#### [Exercise instructions]
A word-for-word copy of the data is what's wanted, with no pictures.
*** Recorded information ***
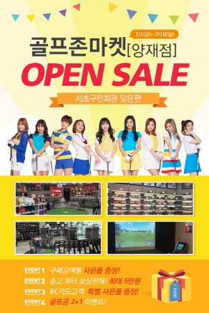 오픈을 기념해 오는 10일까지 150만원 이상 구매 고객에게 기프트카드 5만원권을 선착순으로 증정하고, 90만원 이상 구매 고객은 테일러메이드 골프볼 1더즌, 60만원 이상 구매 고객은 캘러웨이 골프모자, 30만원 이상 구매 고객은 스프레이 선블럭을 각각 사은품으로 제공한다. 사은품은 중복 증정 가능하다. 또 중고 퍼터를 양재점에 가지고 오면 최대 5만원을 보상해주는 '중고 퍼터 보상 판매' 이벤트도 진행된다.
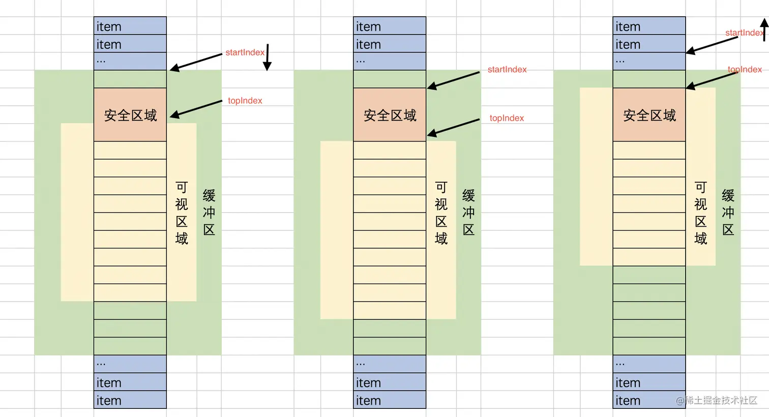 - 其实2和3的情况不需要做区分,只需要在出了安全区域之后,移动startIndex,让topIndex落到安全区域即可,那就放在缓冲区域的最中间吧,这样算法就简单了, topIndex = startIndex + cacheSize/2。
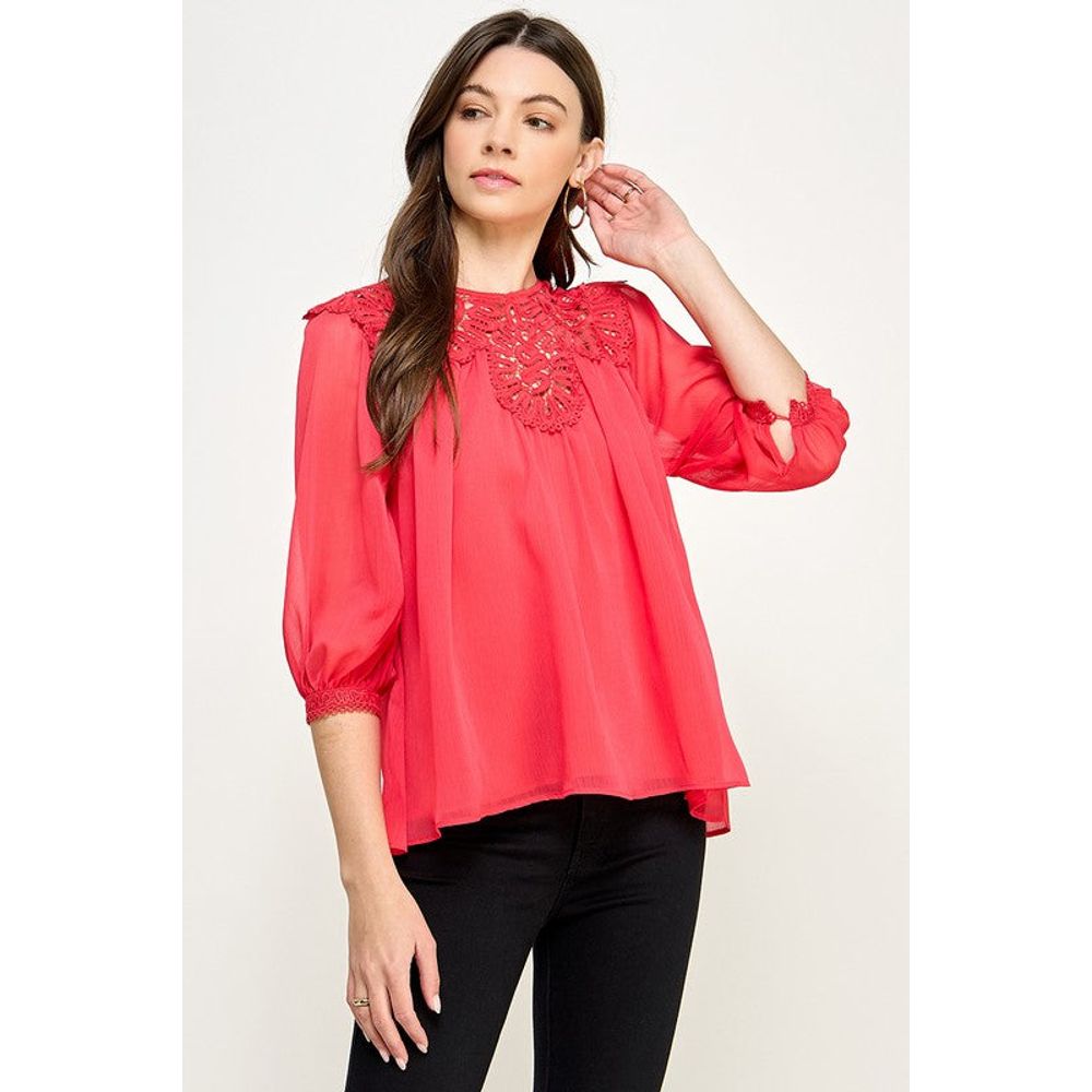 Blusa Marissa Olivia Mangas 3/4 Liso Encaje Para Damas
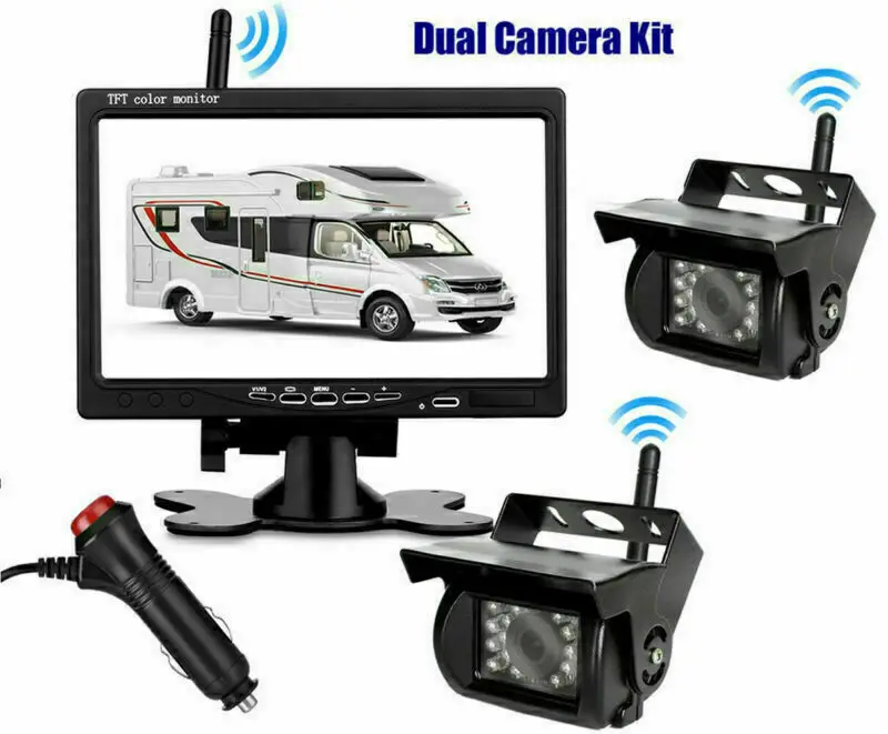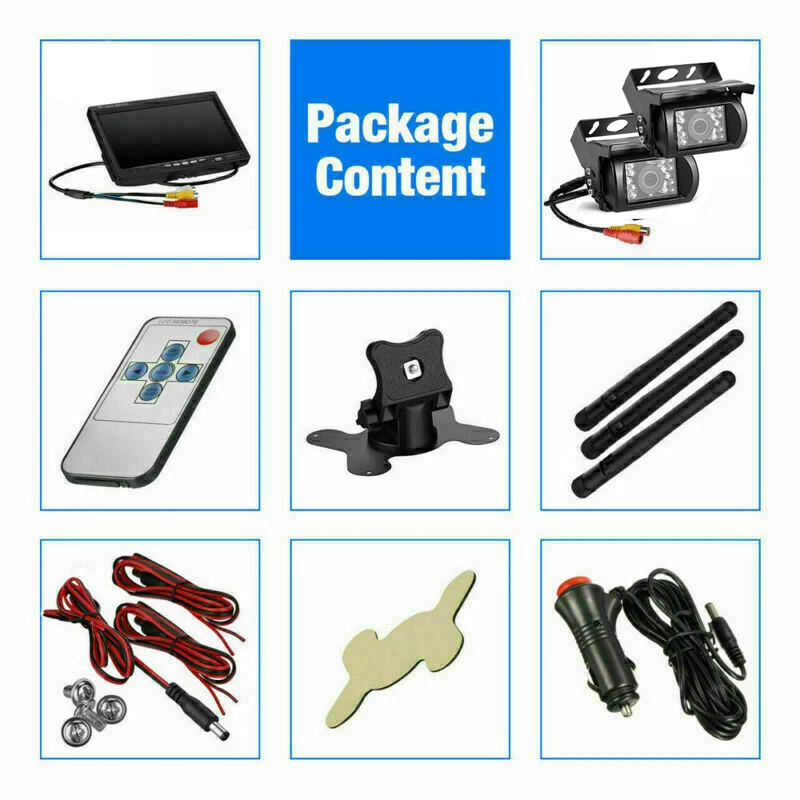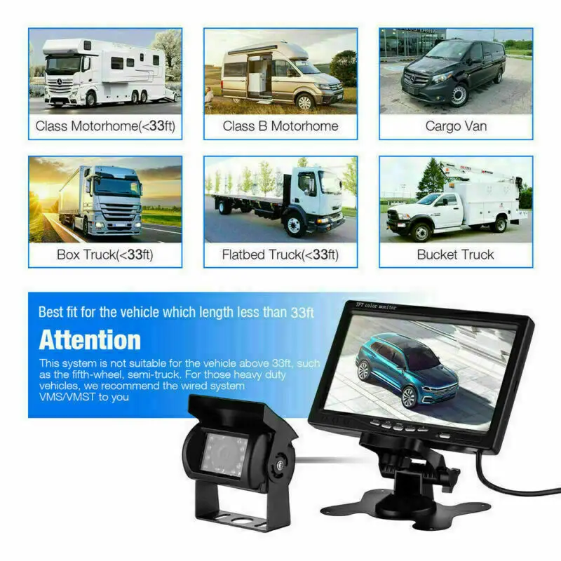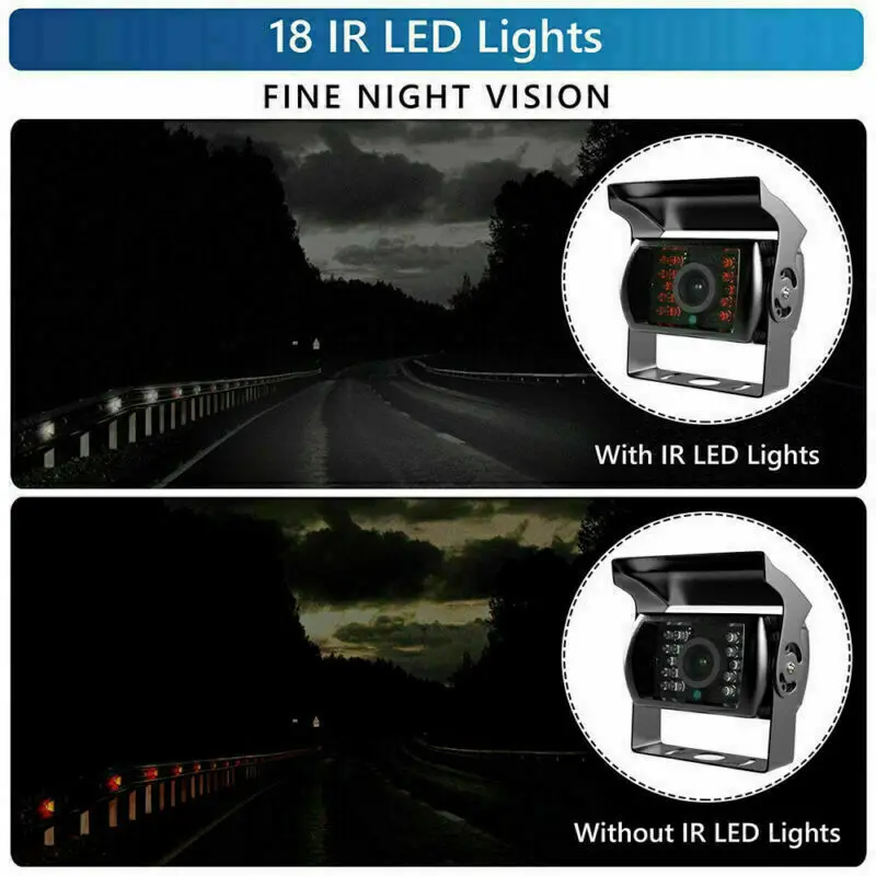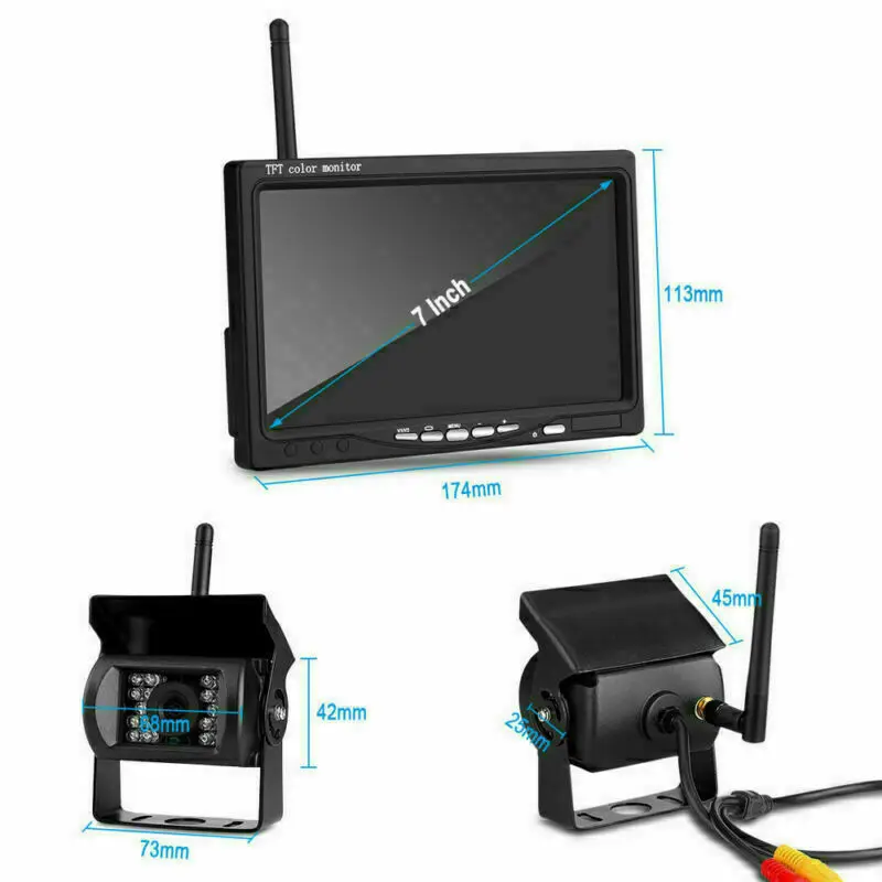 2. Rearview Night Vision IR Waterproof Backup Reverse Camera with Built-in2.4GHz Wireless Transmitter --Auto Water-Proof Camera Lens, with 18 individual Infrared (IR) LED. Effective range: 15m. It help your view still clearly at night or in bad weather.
*** End of Recorded information ***
#### [Expected answer]
 오픈을 기념해 오는 10일까지 150만원 이상 구매 고객에게 기프트카드 5만원권을 선착순으로 증정하고, 90만원 이상 구매 고객은 테일러메이드 골프볼 1더즌, 60만원 이상 구매 고객은 캘러웨이 골프모자, 30만원 이상 구매 고객은 스프레이 선블럭을 각각 사은품으로 제공한다. 사은품은 중복 증정 가능하다. 또 중고 퍼터를 양재점에 가지고 오면 최대 5만원을 보상해주는 '중고 퍼터 보상 판매' 이벤트도 진행된다.
 - 其实2和3的情况不需要做区分,只需要在出了安全区域之后,移动startIndex,让topIndex落到安全区域即可,那就放在缓冲区域的最中间吧,这样算法就简单了, topIndex = startIndex + cacheSize/2。
 Blusa Marissa Olivia Mangas 3/4 Liso Encaje Para Damas
 2. Rearview Night Vision IR Waterproof Backup Reverse Camera with Built-in2.4GHz Wireless Transmitter --Auto Water-Proof Camera Lens, with 18 individual Infrared (IR) LED. Effective range: 15m. It help your view still clearly at night or in bad weather.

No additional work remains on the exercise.